Mas depois de escrever esse comentário encontrei a Cibele Sastre, pessoa inteligente, elegante e sincera, e ela não gostou dos cowboys. Conversamos mais ou menos assim:


Cibele: Hum... Achei antiquado, cafona.
Patrícia: Ah, eu gostei. Concordo que não tem nada de novo, mas não acho que as coisas tem que pretender novidade.
Cibele: É, pode ser... Mas sei lá, to cansada desse tipo de dança.
Patrícia: Entendo, mas sei lá, gosto da coisa meio tosca que tem. Do humor, do jogo.
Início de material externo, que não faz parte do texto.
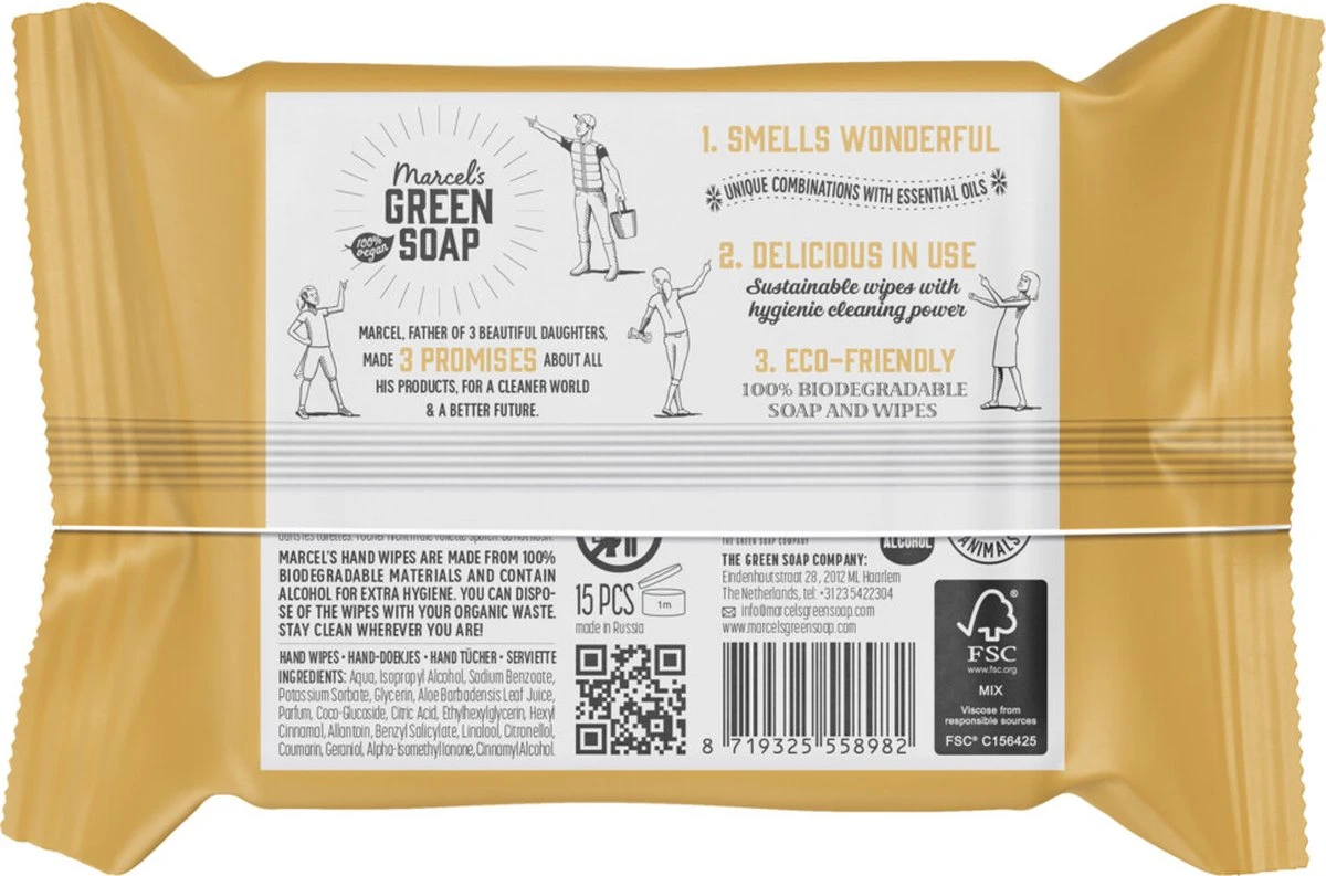 De hygiënische hand doekjes van marcel’s green soap maken niet alleen jouw handen schoon, ze houden ook onze planeet lekker schoon! gemaakt van 100% biologisch afbreekbare plantaardige vezels én makkelijk mee te nemen zodat je op elk moment je handen kunt reinigen. In elk pak zitten 15 doekjes. Geen plastic, maar planten marcel’s hygiënische hand doekjes zijn gemaakt van viscose. Viscose is materiaal, bestaande uit plantaardige vezels gemaakt van planten en houtpulp. Dat is waarom hygiënische doekjes op basis van viscose vezels op natuurlijke wijze afgebroken kunnen worden. De samenstelling van onze viscose bevat zo’n 50% eucalyptus en 50% acacia.â pure plantpower dus! zacht voor je huid en de planeet onze hygiënische hand doekjes zijn net als de schoonmaak doekjes gemaakt van 99% natuurlijke ingrediënten, met 100% biologische oliën en ze zijn 100% biologisch afbreekbaar. De doekjes bevatten alcohol voor extra hygiëne en zijn lekker zacht voor je huid door de toegevoegde glycerine en aloë vera. Naspoelen is niet nodig. Klaar met schoonmaken? dan gooi je ze in de prullenbak. De hygiënische doekjes lossen namelijk niet snel genoeg op om geen overlast in de natuur of een verstopping in het riool te voorkomen. Better safe than sorry! vanille & kersenbloesem kersenbloesem staat symbool voor het begin van de lente, voor vernieuwing. En dat is precies wat deze geur doet: je zó fris laten voelen dat je als nieuw bent! als kers op de taart hebben we er vanille aan toegevoegd voor het rustgevende gevoel. Zo heb jij het hele jaar door de lente in je bol!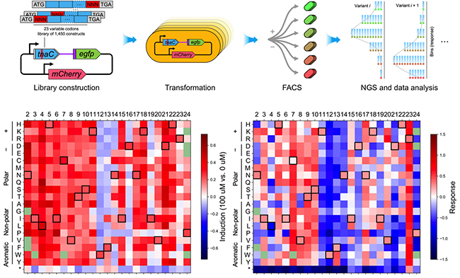 图1. 本论文建立的FACS-seq高通量分析流程及TnaC深度突变扫描图谱

Cibele: não é bem tosco, são virtuosos. Gosto de tosco, seria interessante se fosse mais tosco.
Patrícia: Eu gosto do estilo de atuação, isso de ações cotidianas, olhar para o público, etc.
Cibele: Eles olhavam para o público? Não percebi. Eu vi bem de cima, longe. Era interessante os desenhos criados com a "brita" no chão.
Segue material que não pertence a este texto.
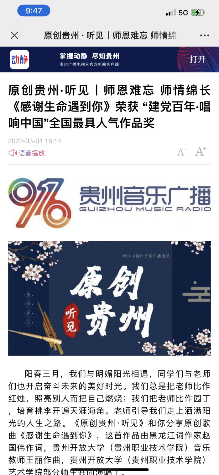 近日,新华社新媒体中心和中国音乐家协会联合发起的“建党百年·唱响中国”主题MV征集结果揭晓。由赵国伟作词,我校艺术学院教师王丽作曲的歌曲《感谢生命遇到你》荣获最具人气作品奖。据悉,参加本次活动不乏国内众多著名词曲作家、歌唱家的作品。《感谢生命遇到你》是此次评奖中贵州省唯一获奖的歌曲。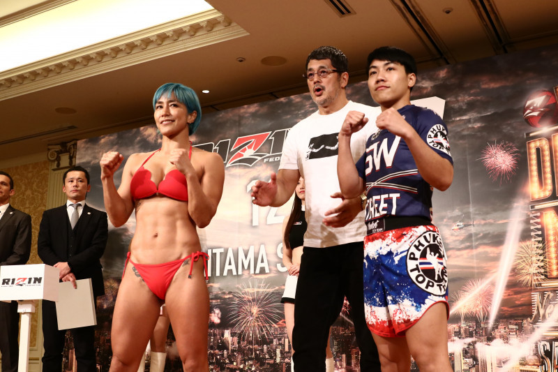 山本美憂(左)の計量ビキニ、菅原と練習しムエタイ王者に挑んだ19年大晦日戦の前日計量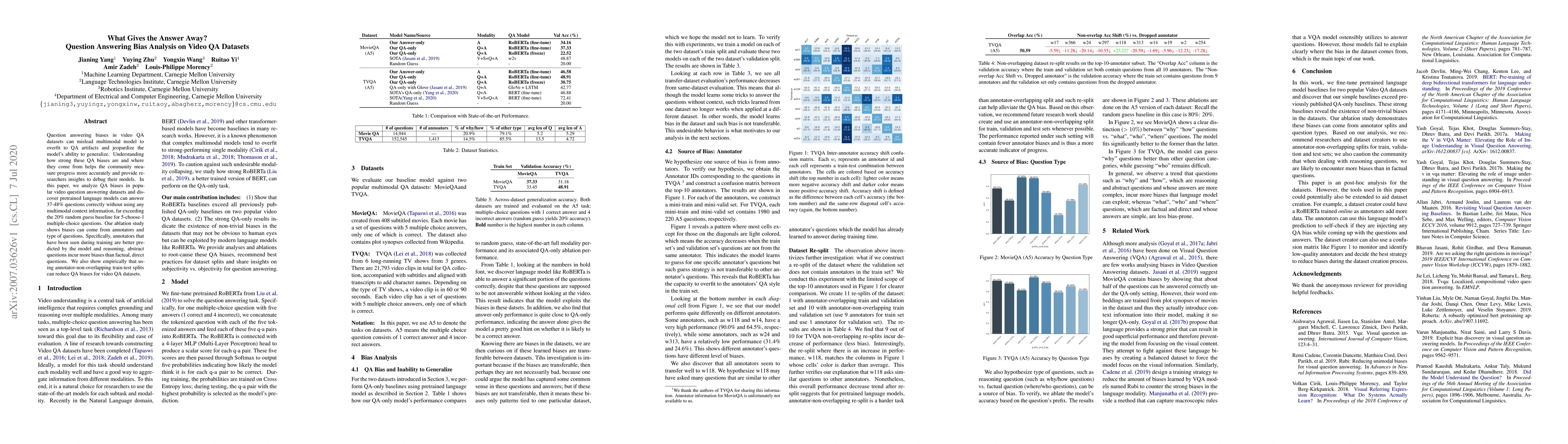 This paper analyzes biases in popular video question answering (QA) datasets, finding that pretrained language models can answer 37-48% of questions correctly without multimodal context, far exceeding the random baseline. The study reveals that biases stem from annotators and question types, with annotator-non-overlapping splits reducing these biases.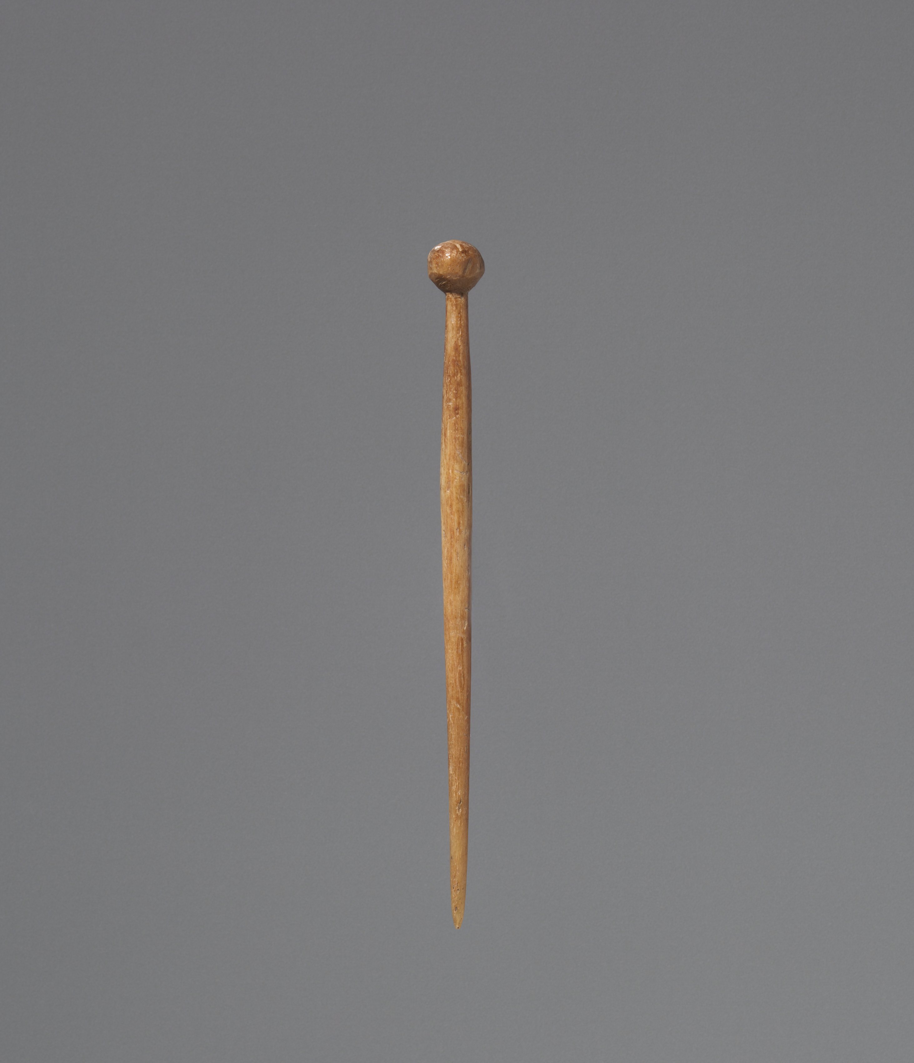 The image shows a hairpin titled "Hairpin" by an unknown artist. The hairpin is made of wood and has a long, thin shaft with a rounded end. The shaft is straight and tapers to a point at the bottom. The top of the hairpin has a small, rounded knob. The background of the image is a solid gray color.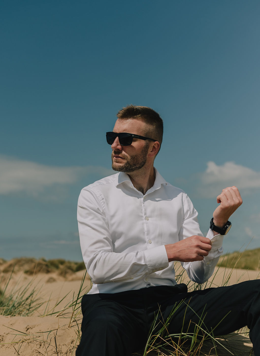 Again this is down to personal choice but choosing beach-friendly attire may make your life easier for photography etc. Select attire that is suitable for a beach setting, we’re not suggesting shorts and a tee or a bikini (unless you want to) but opt for lightweight, breathable fabrics that will keep you comfortable. Consider the wind, sand and sea when choosing your dress, suit, or other outfits. Don’t forget swimwear; trunks and bikini tops for a quick dip afterwards!
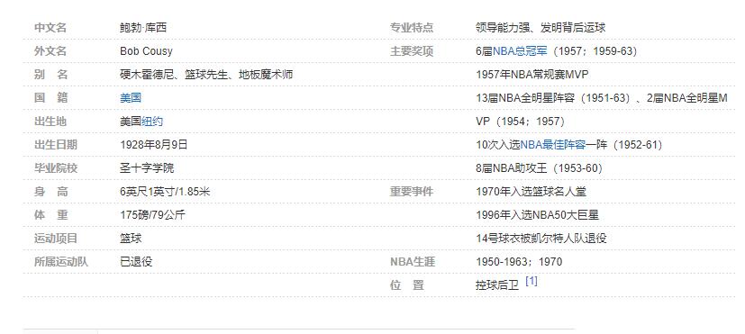 鲍勃·库西(Bob Cousy),1928年8月9日出生于美国纽约,前美国职业篮球运动员,司职控球后卫,发扬了背后运球,被誉为是控球后卫的鼻祖。个人简介: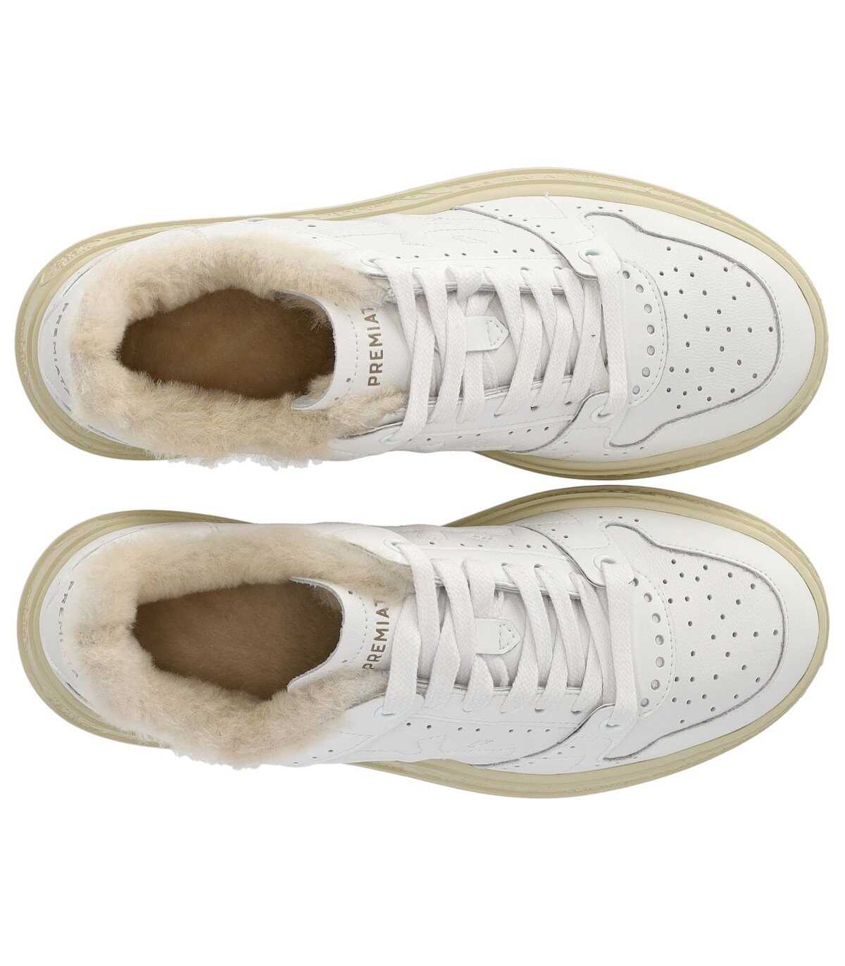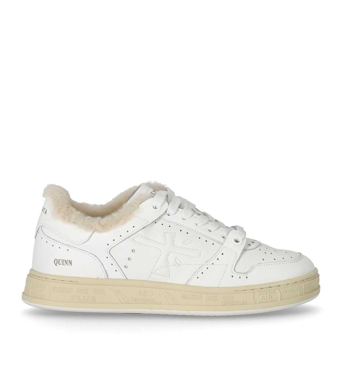 QuinnD 6571M sneaker by Premiata made of soft white leather, featuring perforated details and iconic logo embroidered on the side. Sheepskin lining and white cotton laces. Rubber sole with embossed logo prints, height 3.5 cm.

Patrícia: Isso eu não vi, eu estava na terceira fila. E achei que poderia ser mais próximo ainda, imaginei o público dispostos em uma arena de 3 lados, pertinho, tomando cerveja também, em um modelo mais de esportes que teatro de sala fechada.
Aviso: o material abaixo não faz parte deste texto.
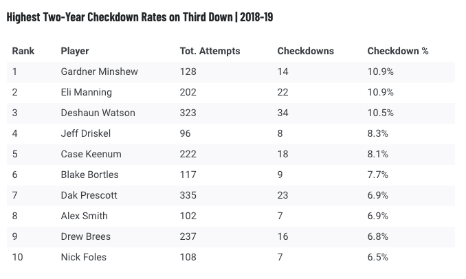 Innen eltűnt Derek Carr, így Garnder Minshew, Eli Manning és Deshaun Watson is feljebb mozgott a listán, ők hárman érik el a 10%-os határt. Watsonnál itt is ki kell emelni, hogy ugyan mindenkinél legalább 11-gyel több checkdownt dobott, ezeket átlagosan 3,15 másodperc alatt hajtotta végre, ami NFL-szinten egy örökkévalóságnak tekinthető. Dak Prescottot és Drew Breest lehet még kiemelni a jobbnak számító irányítók közül a listán, Brees ráadásul nagyon gyorsan is szabadult ilyen helyzetekben a labdától (csak Foles dobott gyorsabban checkdownt) és Brees számított a legkevésbé agresszív játékosnak ilyen helyzetekben, 43,4%-ban nem dobta el a labdát a first downt jelző vonalig, ami a legmagasabb arány volt az egész ligában.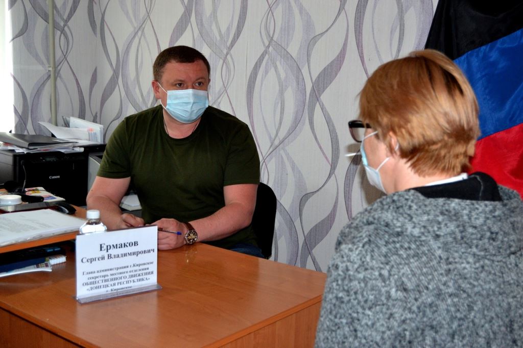 Во вторник, 18 мая, глава администрации города Кировское, секретарь местного отделения Общественного Движения «Донецкая Республика» Сергей Ермаков провёл приём граждан в общественной приёмной Председателя ОД «ДР» Дениса Пушилина в городе Кировское.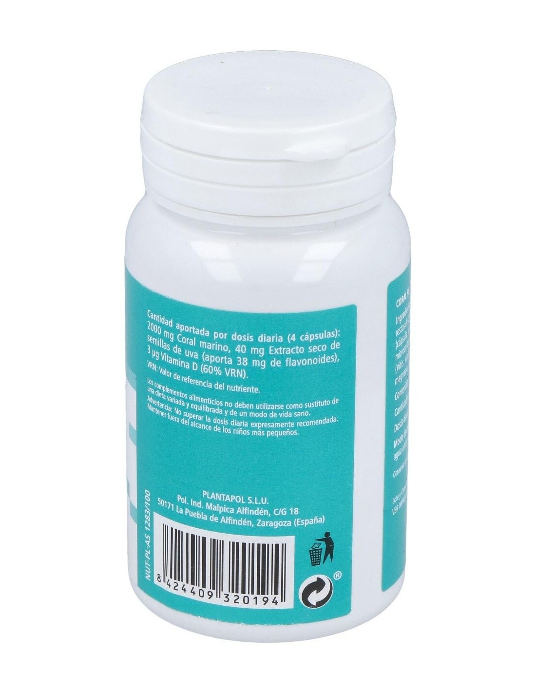 Coral marino, extracto de semilla de Uva, Vit D3. Antiaglomerante: estearato del magnesio Gelatina: cápsula vacía.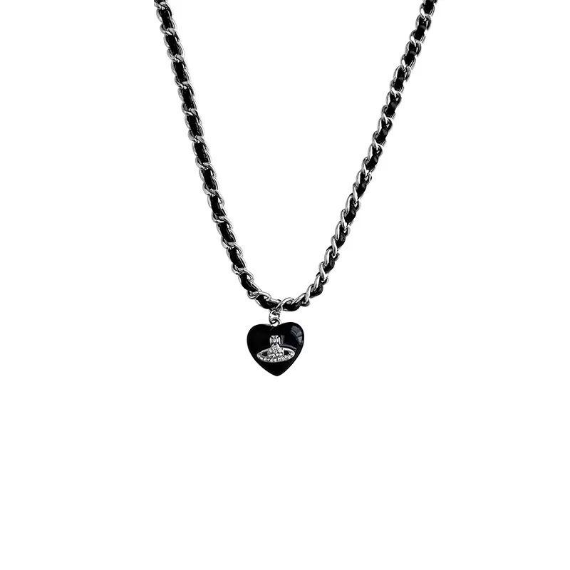 Кожаное ожерелье Vivienne Westwood с сердцем и Сатурном - Женский чокер на ключицы «Императрица-вдова Цыси»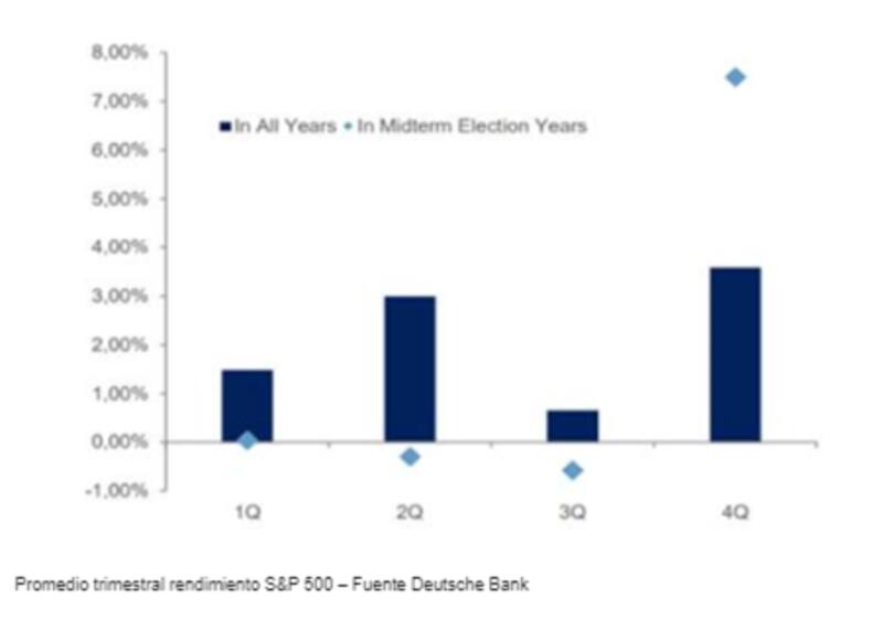 Según este informe, desde 1966 a la fecha, el S&P500 generó siempre un avance positivo un año después de las elecciones de medio término. De hecho, históricamente, no se han visto caídas para los índices americanos un año después de estas elecciones.

Cibele: Talvez aí eu gostasse mais!

Então, reconsideramos o espetáculo a partir do espaço e concordamos na arena. Obviamente, essa consideração não é de nossa alçada, mas o interessante é o exercício do diálogo entre diferentes pontos de vista. Inclusive concretamente, nossos pontos de vistas eram distintos - eu vi mais de perto, ela de longe - o que inevitavelmente afeta a construção de nossas subjetividades e opiniões. A diferença, no entanto, não precisa ser motivo de briga, e, sim, de intercâmbio. Eu diria inclusive, de intercâmbios festivos. Eu estarei certa e claro que a Cibele está certa. O espetáculo é meio cafona, sim. Mas, como eu disse, eu gosto de cowboys, de cafonices, da Cibele, de divergências e polifonias tortas.


*

Patrícia Fagundes: diretora e produtora teatral, professora do Departamento de Arte Dramática da UFRGS, fundadora da Cia Rústica de Teatro. Doutora em Ciências do Espetáculo (2010) pela Universidad Carlos III de Madrid (bolsa CAPES), Mestre em Direção Teatral (2003) pela Middlesex University de Londres.